I have a LaTeX root file that refers to many other single files. Those files are included/referenced by

\input{somefolder/somefile}

But somehow Pandoc is generating the output just from the main tex file (the entry point) and does not follow the inputs. What am I doing wrong?

pandoc main.tex -t docx -o main.docx

Remark: I'm trying to import the LaTeX to Adobe Indesign by converting it to Docx first and then to Indesign.
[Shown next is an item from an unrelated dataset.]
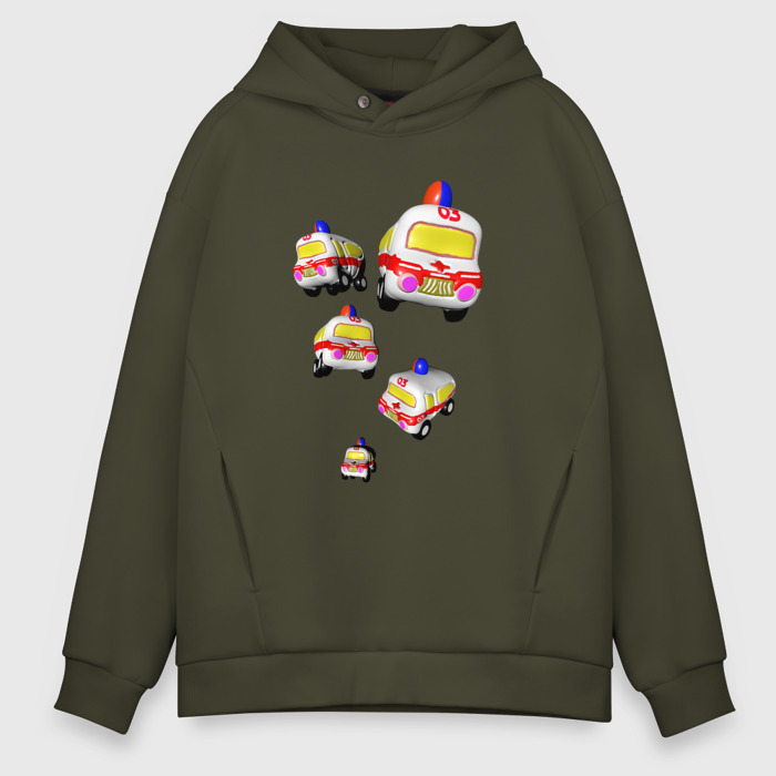 Мужское худи Oversize хлопок с принтом Машинки скорой помощи
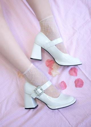 Ballet Flats Rhinestone Pointed Toe Fishnet Ankle Buckle Strap shoes

Update: I created a minimum working example. Seems that the input file are correctly referenced but still I get tons of other errors that seem to be related to the corporate layout that uses Tkiz drawings. The Pandoc version is 1.19.2.1 on MacOS 10.12.4 (Sierra). The Pandoc command is:

pandoc booklet2016.tex -t docx -o booklet2016.docx

Matthias
  • 381
  • Pandoc doesn't support full LaTeX, only subset. You can try to compile your document to ODT using tex4ht. try mk4ht oolatex filename.tex. The generated ODT file can be converted to DOCX using LIbreOffice or Word. – michal.h21 Apr 04 '17 at 13:38
  • Can't reproduce your issue. Please provide a minimal working example (MWE). Also which version of pandoc are you using? – DG' Apr 07 '17 at 10:03
  • I'm sorry that I can't provide a sample since my tex document refers to about 20 others and I'm using several complex newcommand definitions and TikZ for page layout and logos. Pandoc version is 1.19.2.1 on MacOS 10.12.4 (Sierra). – Matthias Apr 07 '17 at 10:10
  • Are you trying to extract only the contents or do you wish to keep the layout as well? – DG' Apr 08 '17 at 10:09
  • @Matthias have a look at my answer and your code. Maybe you can find the code that breaks things. – DG' Apr 08 '17 at 10:43
  • 1
    What exactly are you missing in the generated docx? I've downloaded you MWE, and the files are included, at least the parts that pandoc can interpret. As an experiment, include in every file as first line something like This is \verb"filename". (replacing of course filename with the respective filename). In the generated docx I find traces of the subfiles. But apparently commands like \lipsum and tikz code is beyond the abilities of pandoc. – gernot Apr 10 '17 at 10:16
  • @DG: I did exactly what you describe in your post. Don't know what else to do. – Matthias Apr 10 '17 at 11:26
  • @gernot: in my MWE there was not DOCX output since Pandoc stopped before. And what do you mean by including every file? Is there some Pandoc config file or what? The original latex project is about 50 files. – Matthias Apr 10 '17 at 11:26
  • 1
    Did you try @DG's test document below? Does file inclusion work in this simple setting? If yes, then pandoc is set up correctly to include files. With your MWE on my computer, pandoc did not crash but included all files, as far as I could check. Of course, there is not much to see in the generated docx, since much of the stuff cannot be digested by pandoc. – gernot Apr 10 '17 at 13:21
  • @Matthias I can generate a docx from your source (see update to my answer below) and I have to say the problem is much more complicated. You have two options: 1.) Break your code down in many pieces, fix them one by one until pandoc can parse everything or 2.) take the pdf and use a tool like pdfmasher to extract the content and do all the work in InDesign – DG' Apr 10 '17 at 13:23
  • 1
    I ended up creating the DOCX from PDF with Acrobat Reader. – Matthias Apr 10 '17 at 13:32
  • are we sure we want to troubleshoot pandoc? Wouldn't these questions belong to other sites? (superuser comes to mind) – jarnosc May 20 '23 at 12:34

4 Answers4

5

Pandoc does include input files


If you have a structure like this

.
├── main.tex
└── somefolder
    └── somefile.tex

with the following two files

1: main.tex

% !TeX program = XeLaTeX

\documentclass{article}
\begin{document}

\section*{Test}

    Input somefolder/somefile.tex:
    \input{somefolder/somefile}

\end{document}

and

2: somefile.tex

This is somefile

then

pandoc main.tex -t docx -o main.docx

will give you a word document, which contains the contents of somefolder/somefile.tex

3: main.docx

enter image description here


Bottom line: It works. If the structure of your project and/or code is more complicated then you should do some preprocessing first.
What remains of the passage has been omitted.